Snapshot consolidation (or commit) operations in VMware vSphere have always been a problem, especially for large and really active virtual machines. But vSphere 6 has introduced some changes that are probably going to make commits a problem of the past!

A new consolidation method

Before vSphere 6.0, the consolidation and commit phases of any VM snapshot has always followed the same procedure: an additional helper snapshot was created to “freeze” not just the base virtual disk, but also the snapshot disk, and once the changes stored in the snapshot disk have been merged into the base disk, the helper snapshot was also committed, and at some point the I/O was not directed anymore to the snapshot, but back to the original disk.

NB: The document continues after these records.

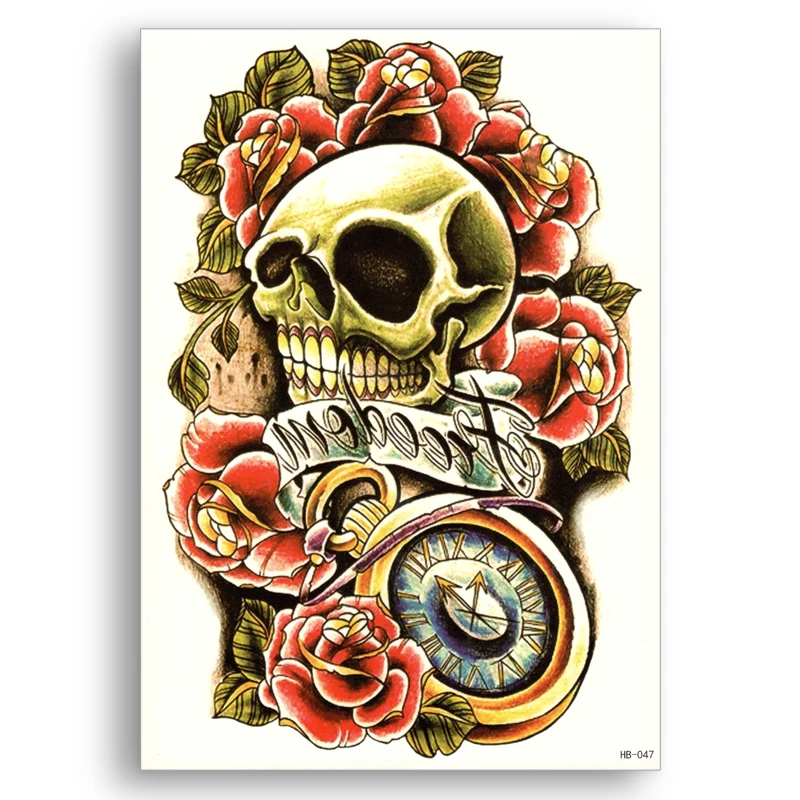 Hot Tato Tengkorak Bunga Jam Skull Color Temporary Tattoo Tato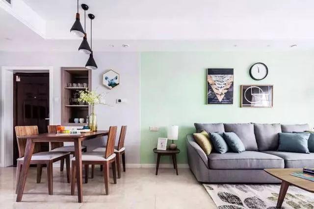 ▲若是不嫌麻烦,也可以在墙面上做一些简单的造型,比如在客厅墙面做石膏线,打柜子等,而餐厅的墙面则可以设计的相对简单大方一点,一繁一简两相宜。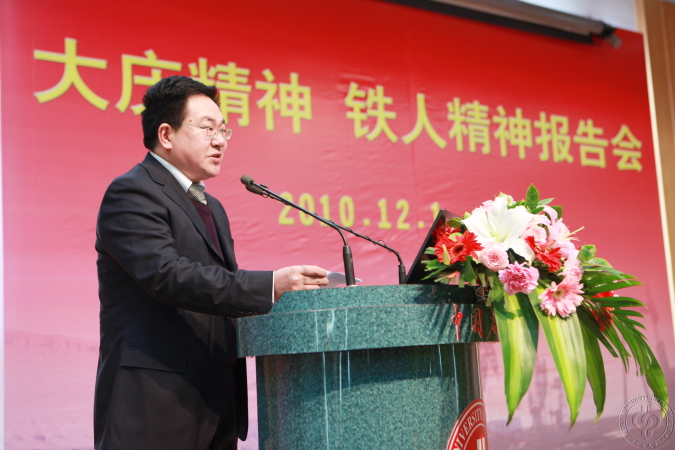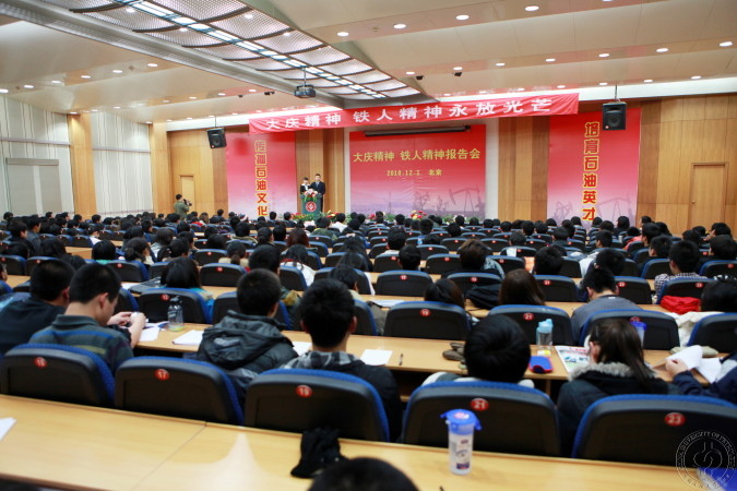 英雄风范塞沧溟,一代铁人石油魂;铮铮铁骨昭青史,国强莫忘开拓人。报告会上,大庆精神、铁人精神宣讲员苏爱华、何德全,用满怀深情的语言,图文并茂地描述了大庆油田艰苦卓绝、波澜壮阔的石油大会战,详细介绍了在石油大会战的大熔炉里形成的一整套大庆优良传统和优良作风,再现了中国石油工人的光辉典范王进喜从一名普通钻工成长为全国闻名的铁人、铸就石油之魂的人生历程,深刻阐释了大庆精神、铁人精神的形成过程和丰富内涵,揭示了大庆精神、铁人精神对几代艰苦奋斗、甘于奉献的石油人的引领和激励作用。生动的报告感人至深,催人奋进,现场许多同学留下了感动的泪水。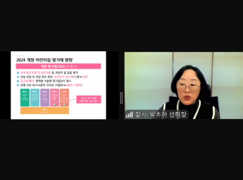 이번 교육은 의무평가제 지표에 따른 상호작용 빛 보육과정 문서 작성 시 유의할점을 안내하여 교사의 역량을 강화하고, 평가 준비과정을 지원하는데 초점을 맞추었다.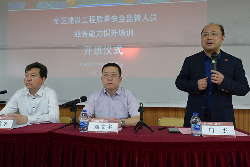 开班仪式上,白杰首先对参加此次培训班全体学员的到来表示欢迎,并为在场学员介绍了sjb世俱杯中国官网入口的百年历史、发展现状以及未来发展方向。他感谢了内蒙古自治区住房和城乡建设厅、内蒙古自治区建设工程质量安全技术服务中心对sjb世俱杯中国官网入口的信任,并表示学院将依托交大强大的学科和教学优势,依需而教、因需而培,切实为自治区各盟市、旗县区建设工程质量安全监管工作的未来高质量发展助力。
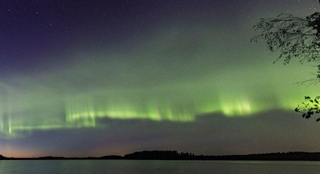 O fenômeno, caracterizado por ondas de luz verde no céu, acontece quando partículas elétricas emitidas pelo Sol entram na atmosfera da Terra e colidem com gases como oxigênio e nitrogênio.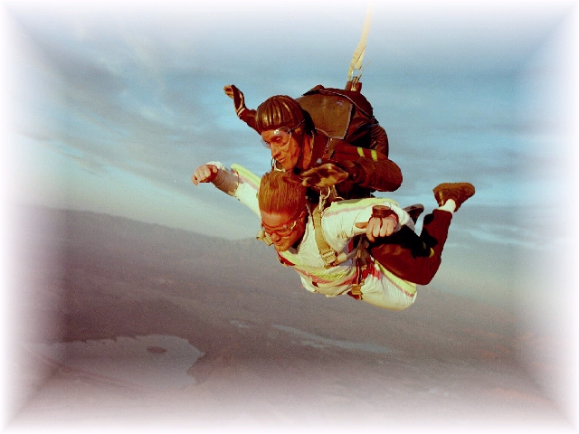 Here is a picture of me skydiving. I am the guy in front with the blonde hair.

This process sounds simple, but once you start looking at the details are not that easy, and in some production environments this behaviour have caused problems. If the virtual machine has a decent I/O write activity, also the helper snapshot could grow in size, and in order to commit the changed data back into the base disk, an additional helper snapshot may be created. Cormac Hogan wrote a great post to explain the situation in vSphere 5.5, and also how it has been improved in vSphere 6.0. You can read his great post Snapshot Consolidation changes in vSphere 6.0, here I’m only reporting a part of it:

What we did previously is used a helper snapshot, and redirected all the new I/Os to this helper snapshot while we consolidated the original chain. Once the original chain is consolidated, we then did a calculation to see how long it would take to consolidate the helper snapshot. It could be that this helper snapshot has grown considerably during the consolidate operation. If the time to consolidate the helper is within a certain time-frame (12 seconds), we stunned the VM and consolidated the helper snapshot into the base disk. If it was outside the acceptable time-frame, then we repeated the process (new helper snapshot while we consolidated original helper snapshot) until the helper could be committed to the base disk within the acceptable time-frame.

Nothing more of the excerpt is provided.